Here’s the primary Python function that got ported to Rust.
def generate_projected_returns(filepath, ticker_symbol, generations, days_ahead, expiry_date):
df = pd.read_csv(filepath)
tagged_returns_df = df.groupby(['tag_pattern'])[
'next_ret'].apply(list)
tag_returns_bin_df = df.groupby(['tag'])['next_ret'].apply(list)
last_20_returns = df.tail(20)['ret'].to_list()
projected_returns_df = pd.DataFrame(
columns=['generation', 'day', 'tag_pattern', 'ret', 'price'])
for i in range(1, generations + 1):
print(".", end="", flush=True)
current_tag_pattern = df.iloc[-1]['tag_pattern']
price = df.iloc[-1]['adj_close']
for j in range(1, days_ahead + 1):
next_ret_bin = get_ret_bin(
current_tag_pattern, tagged_returns_df, tag_returns_bin_df)
current_ret = random.choice(next_ret_bin)
current_std = np.std(last_20_returns)
current_tag = tag_current_day(current_std, current_ret)
current_tag_pattern = create_new_tag_pattern(
current_tag_pattern, current_tag)
price = price * (1 + current_ret)
last_20_returns = roll_list(last_20_returns, current_ret)
projected_returns_df = projected_returns_df.append(
{
'generation': i,
'day': j,
'tag_pattern': current_tag_pattern,
'ret': current_ret,
'price': price
}, ignore_index=True)
now_ts = str(datetime.datetime.now())
projected_returns_df['timestamp'] = now_ts
projected_returns_df['ticker'] = ticker_symbol
projected_returns_df['expiry_date'] = str(expiry_date)

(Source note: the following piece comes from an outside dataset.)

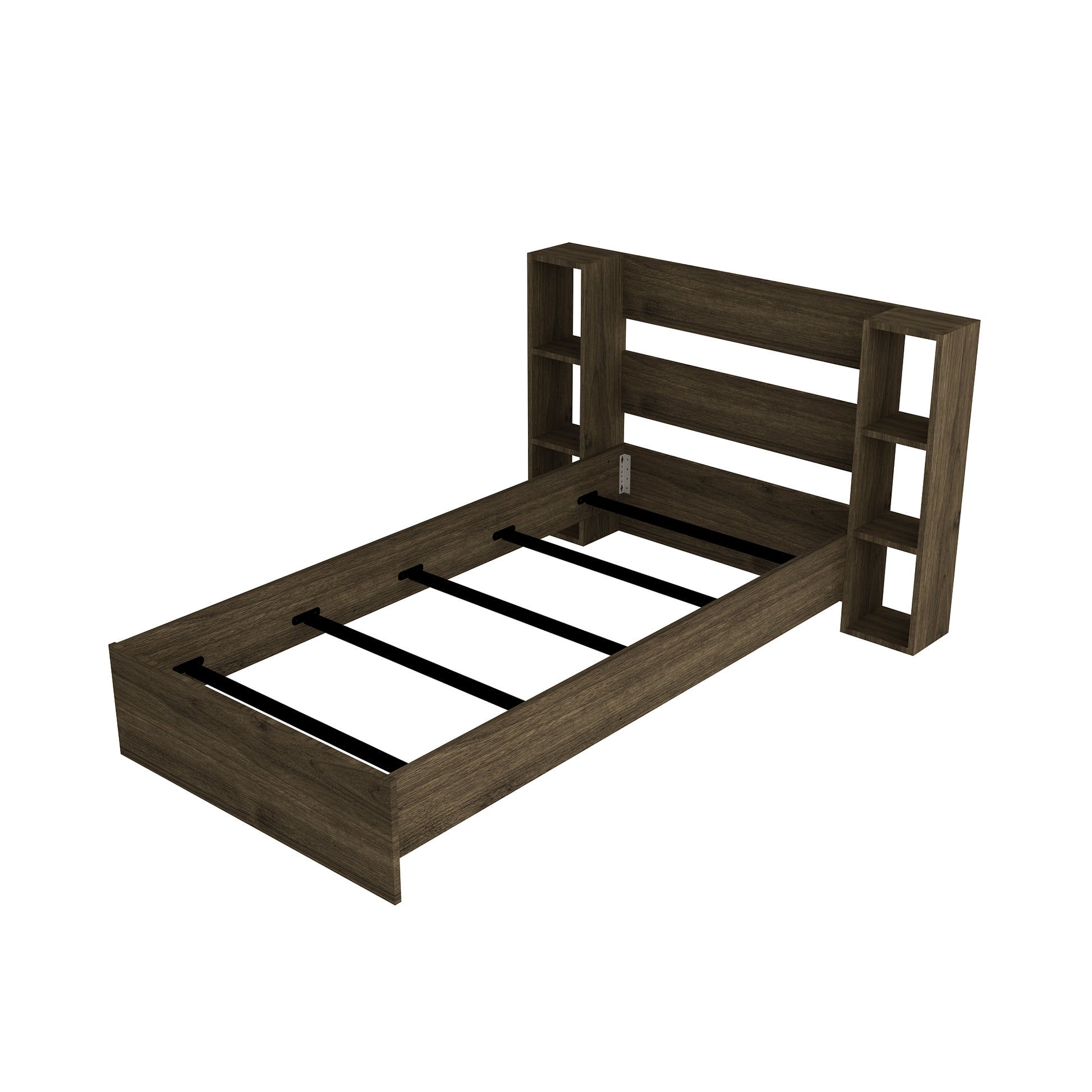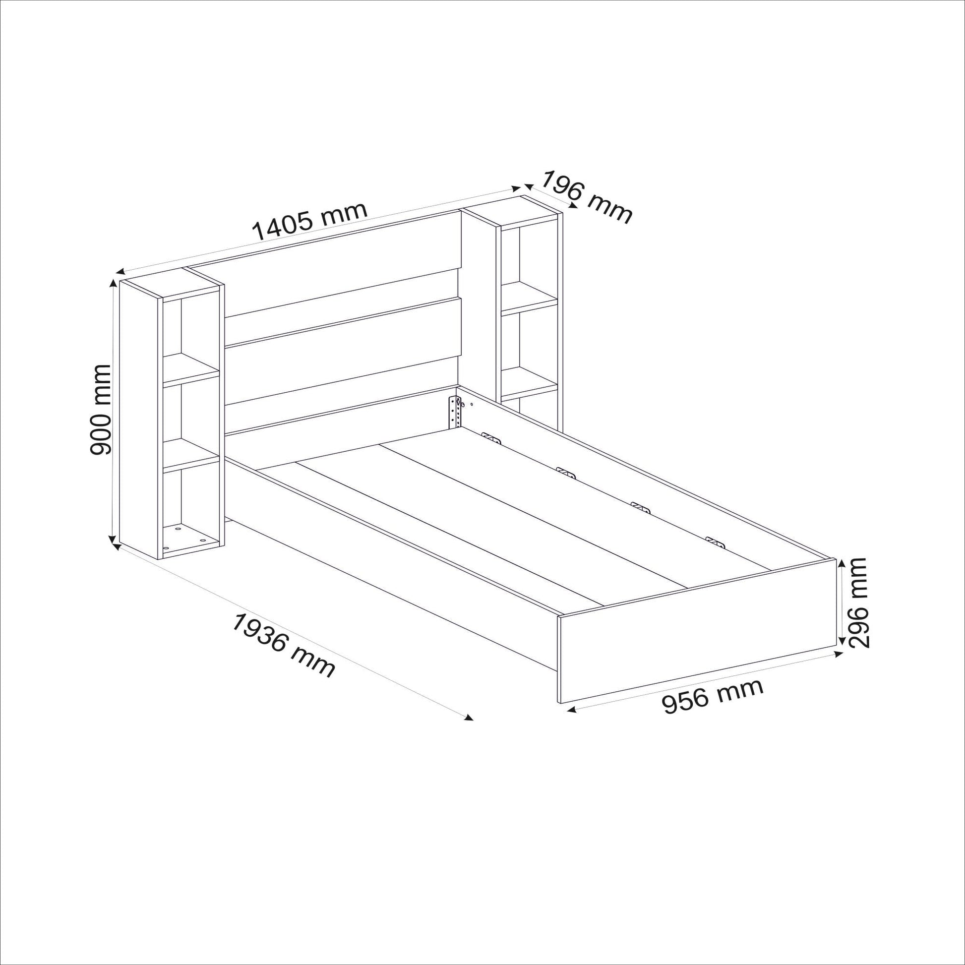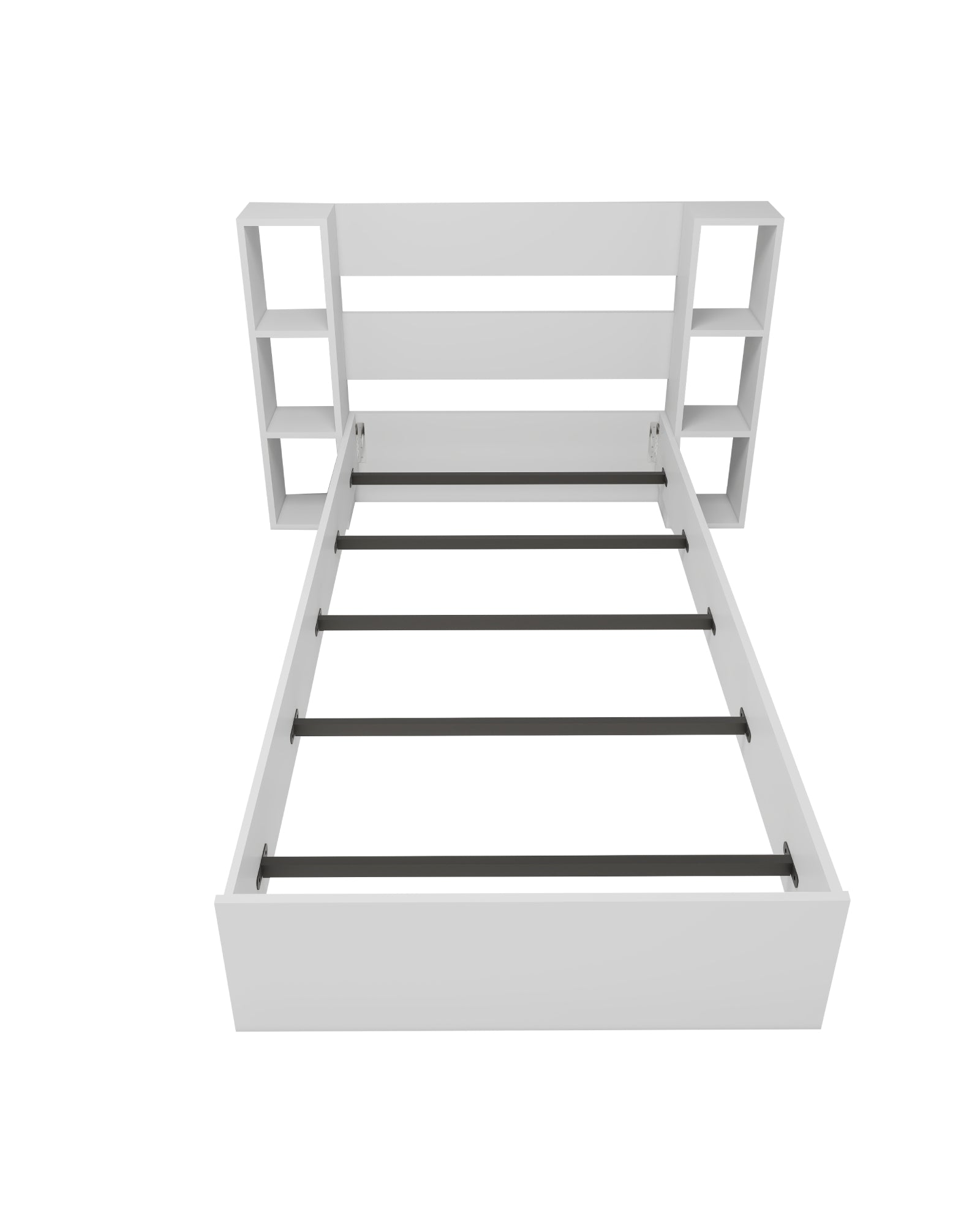 The bedstead bed frame with storage shelves is ideal for modern bedrooms. The frame is made of manufactured wood with metal slats to support a 190x90 cm mattress. It also has six shelves for storage designed on both sides of the bed, offering ample extra space in smaller rooms.

returns_path = "/tmp/%s_projected_returns.csv" % ticker_symbol
projected_returns_df.to_csv(returns_path, index=False)
You can find the full python code in the prog.py
file in this repository.
To run the Rust binary, clotho
, from the Python script I use os.popen
. Once I had the Rust implementation working, I used the same function call and executed the Rust binary.

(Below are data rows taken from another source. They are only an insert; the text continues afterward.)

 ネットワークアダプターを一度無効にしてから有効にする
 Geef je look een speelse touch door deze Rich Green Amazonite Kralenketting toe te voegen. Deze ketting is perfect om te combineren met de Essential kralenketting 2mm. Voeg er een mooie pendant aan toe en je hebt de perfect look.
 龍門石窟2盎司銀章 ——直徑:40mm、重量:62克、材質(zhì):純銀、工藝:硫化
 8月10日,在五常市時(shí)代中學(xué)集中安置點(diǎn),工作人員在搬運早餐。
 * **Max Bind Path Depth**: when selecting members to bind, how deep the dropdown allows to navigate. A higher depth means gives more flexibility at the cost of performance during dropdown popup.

def generate_projected_returns(filepath, ticker_symbol, generations, days_ahead, expiry_date):
command_string = """RUST_LOG=debug clotho -f {filepath} -x {expiry_date} -t {ticker_symbol} -g {generations} -d {days}"""
args = command_string.format(
filepath=filepath,
expiry_date=expiry_date,
ticker_symbol=ticker_symbol,
generations=generations,
days=days_ahead
)
cmd = os.popen(args)
The Rust code is verbose so I’m not including it here but here’s a gist.
Take Aways
I’m still suprised by how much faster the Rust code given that it’s not taking advantage of concurrency.
I figure the read and write is constrained by the hard drive so I’m guessing most of the gain comes from the look ups which probably benefits from manual memory management in Rust.
Ignoring the fact that I don’t know how I would optimize the Python code, I do wonder what the performance difference would be if I looked into optimizing the Python code before writing it in Rust.
I really like working with Rust’s ecosystem. Online documentation is good and Cargo is great.
I used peroxide
to calculate standard deviations but was surprised that there aren’t more math/data science libraries for Rust.
The clap
Crate is awesome and really simplified the passing and parsing of commnand line arguments in Rust.
The big takeaway is that, as someone with more of a finance background, I’m pleasantly suprised by how Rust makes writing performant code accessible.